START LISTED RECORDS

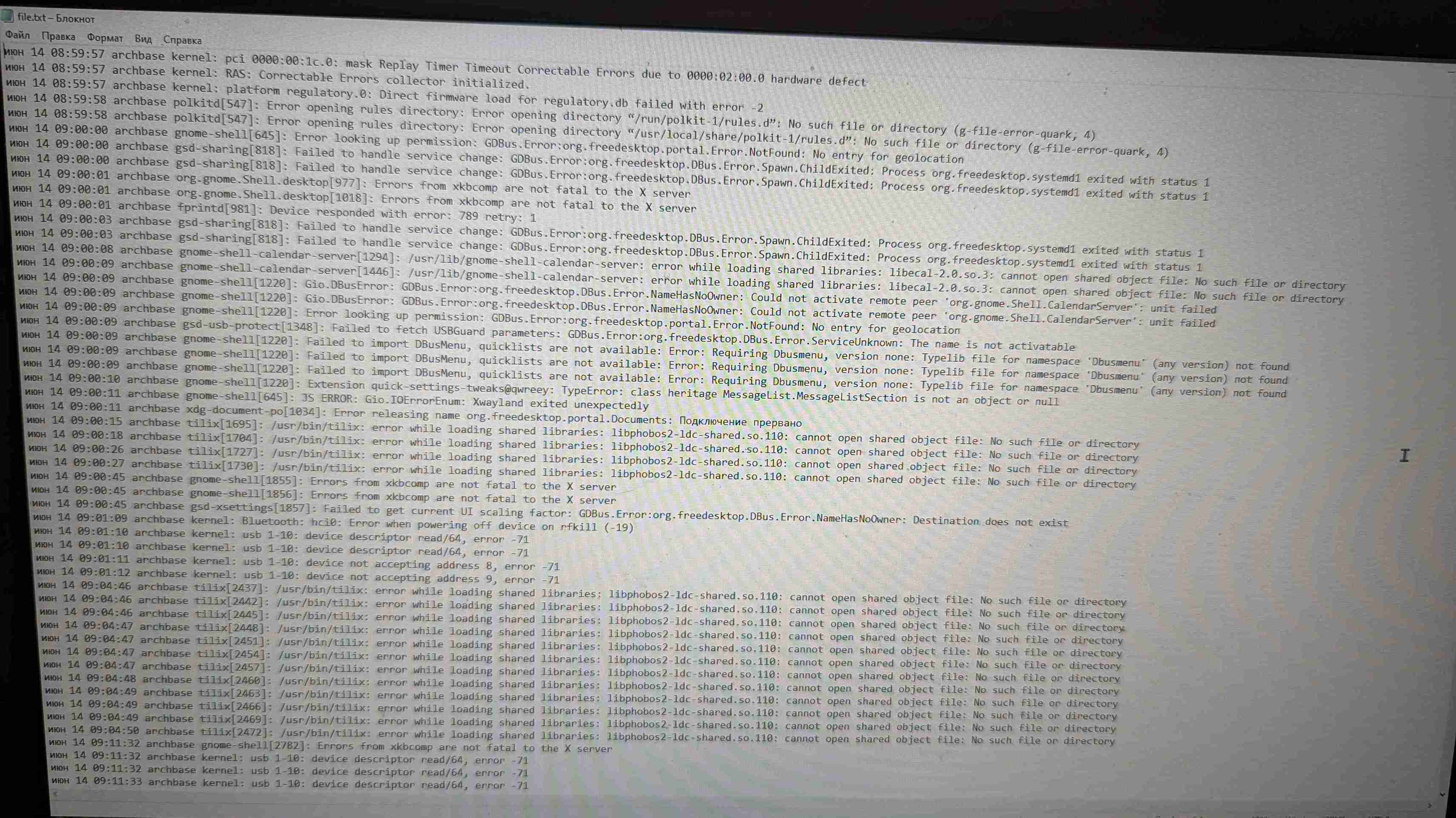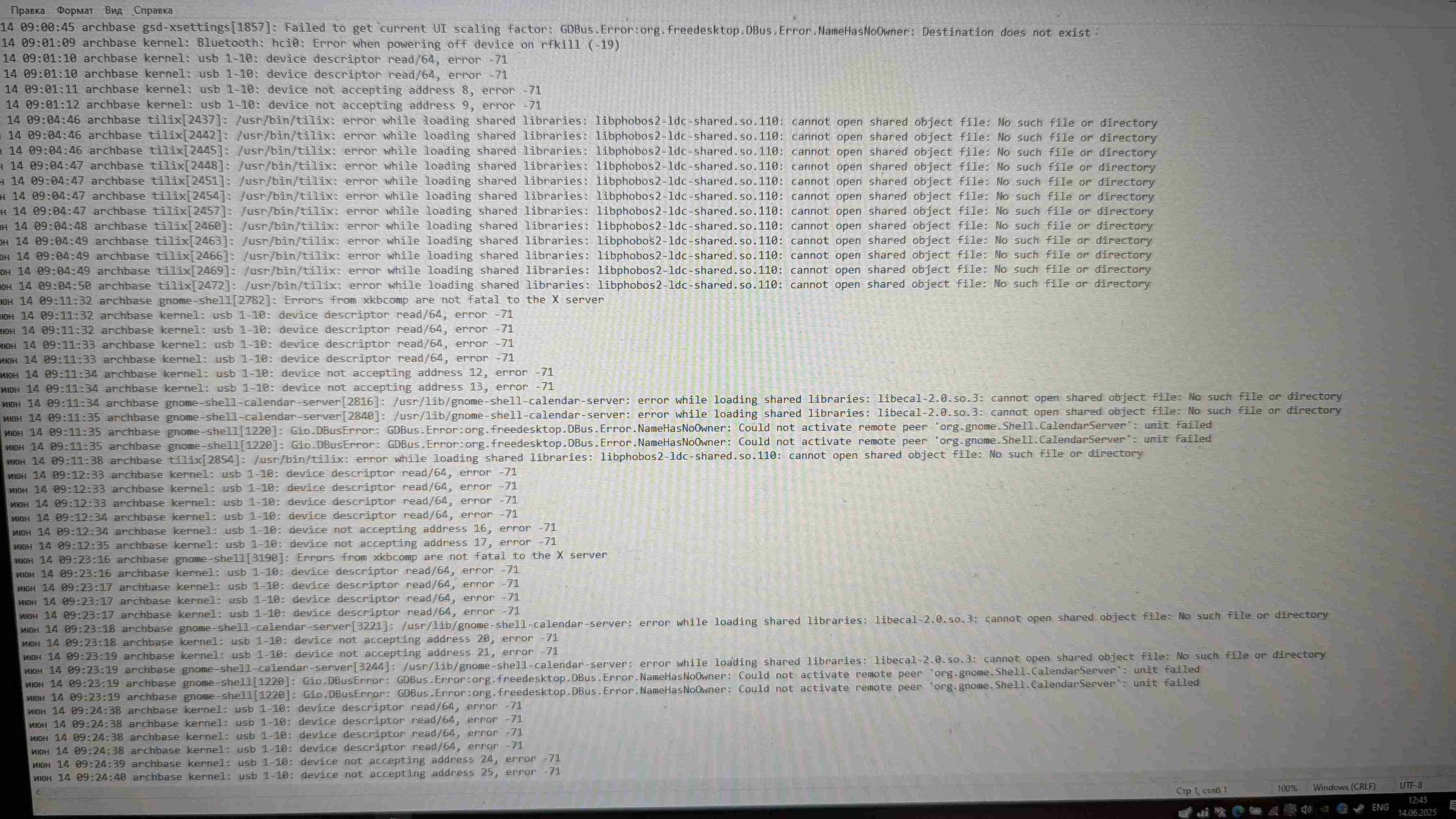 Здравствуйте, сегодня в процессе работы неожиданно зависла намертво система, после перезагрузки не работал блютуз, и не запускается терминал. Я зашёл в TTY и посмотрел текущую загрузку
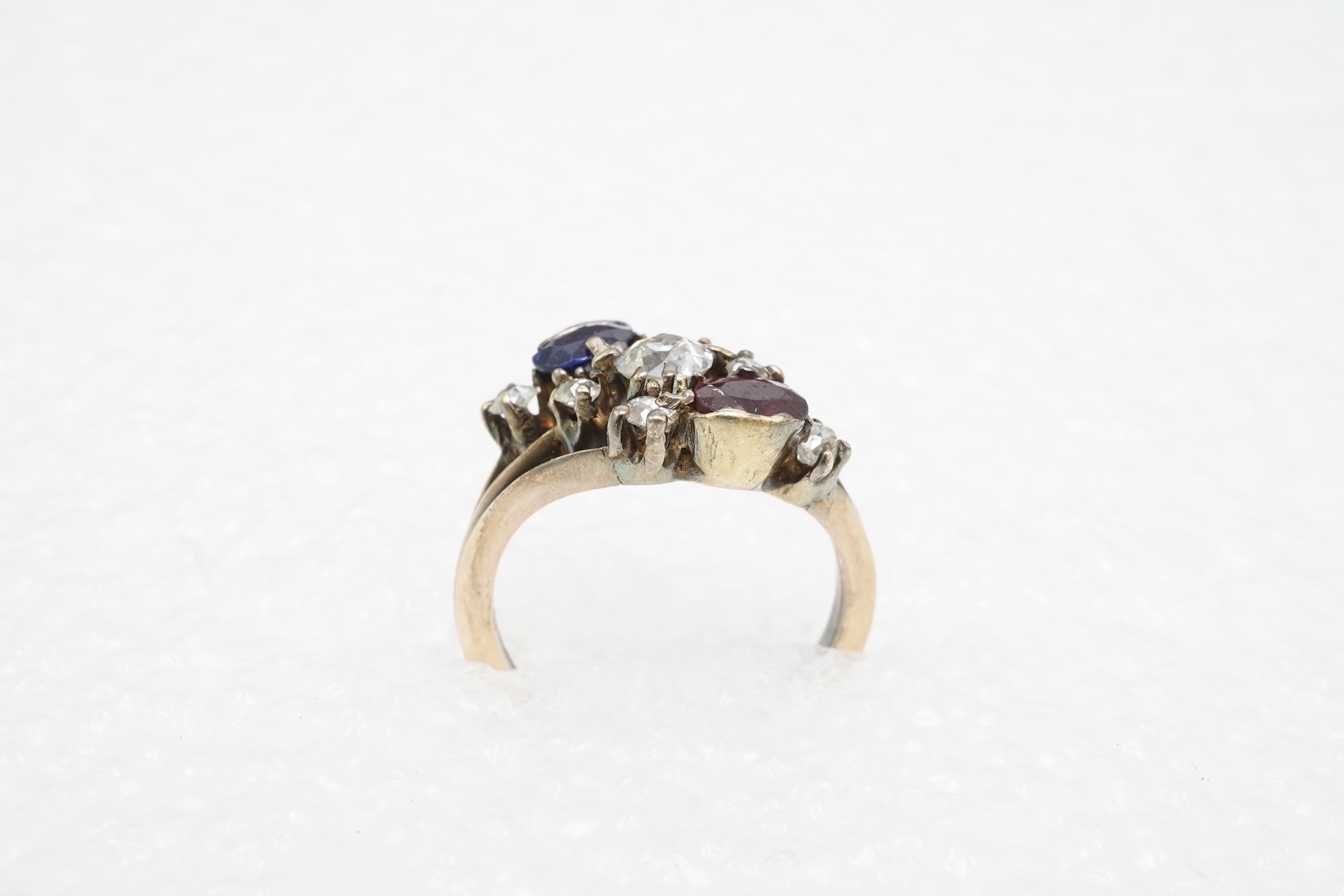 Lot 456 , A sapphire, ruby and diamond ring, circa 1900
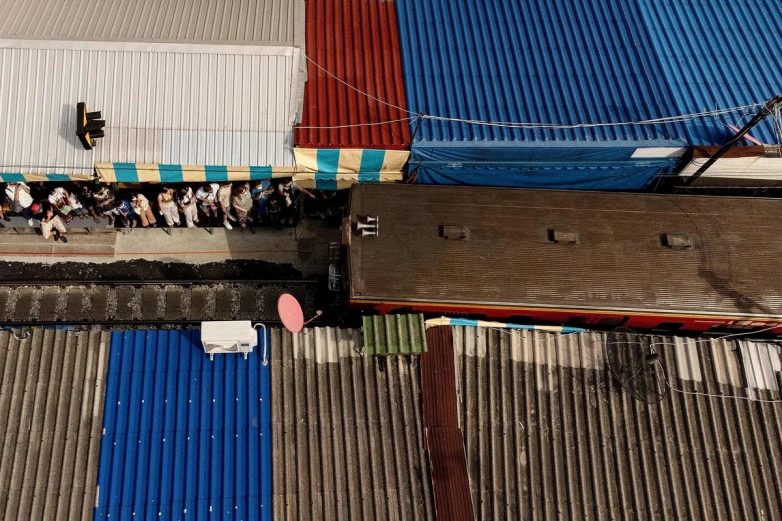 Через несколько секунд на заднем плане появляется поезд, который циркулирует внутри Talad Rom Hub — настоящее название рынка — перед удивленным взглядом посторонних и безразличием местных жителей, привыкших к этим маневрам, которые повторяются восемь раз в день. Расписание этой своеобразной железной дороги включает в себя четыре рейса в каждом направлении.
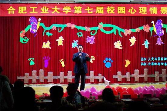 承办的第七届校园心理情景剧大赛总决赛在翡翠湖校区综合楼多功能厅举办。人文与素质教育中心主任李永山、中国影视家协会会员徐静老师、心理咨询中心副主任邝春霞及中心相关老师出席并担任评委。
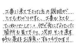 工事に来て下さった方の説明が、とてもわかりやすく、工事もとてもていねいでした。他で気になっていた箇所も見て下さり、次回そこを直す時も、是非お願いするつもりです!!

END LISTED RECORDS

▶ [YOUR INSTRUCTIONS]: Set out, exactly as given, the line that contains "Lot 456 , A" along with each line after it through the end of the records above; omit the pictures.

▶ [SOLVED EXERCISE]:
 Lot 456 , A sapphire, ruby and diamond ring, circa 1900
 Через несколько секунд на заднем плане появляется поезд, который циркулирует внутри Talad Rom Hub — настоящее название рынка — перед удивленным взглядом посторонних и безразличием местных жителей, привыкших к этим маневрам, которые повторяются восемь раз в день. Расписание этой своеобразной железной дороги включает в себя четыре рейса в каждом направлении.
 承办的第七届校园心理情景剧大赛总决赛在翡翠湖校区综合楼多功能厅举办。人文与素质教育中心主任李永山、中国影视家协会会员徐静老师、心理咨询中心副主任邝春霞及中心相关老师出席并担任评委。
 工事に来て下さった方の説明が、とてもわかりやすく、工事もとてもていねいでした。他で気になっていた箇所も見て下さり、次回そこを直す時も、是非お願いするつもりです!!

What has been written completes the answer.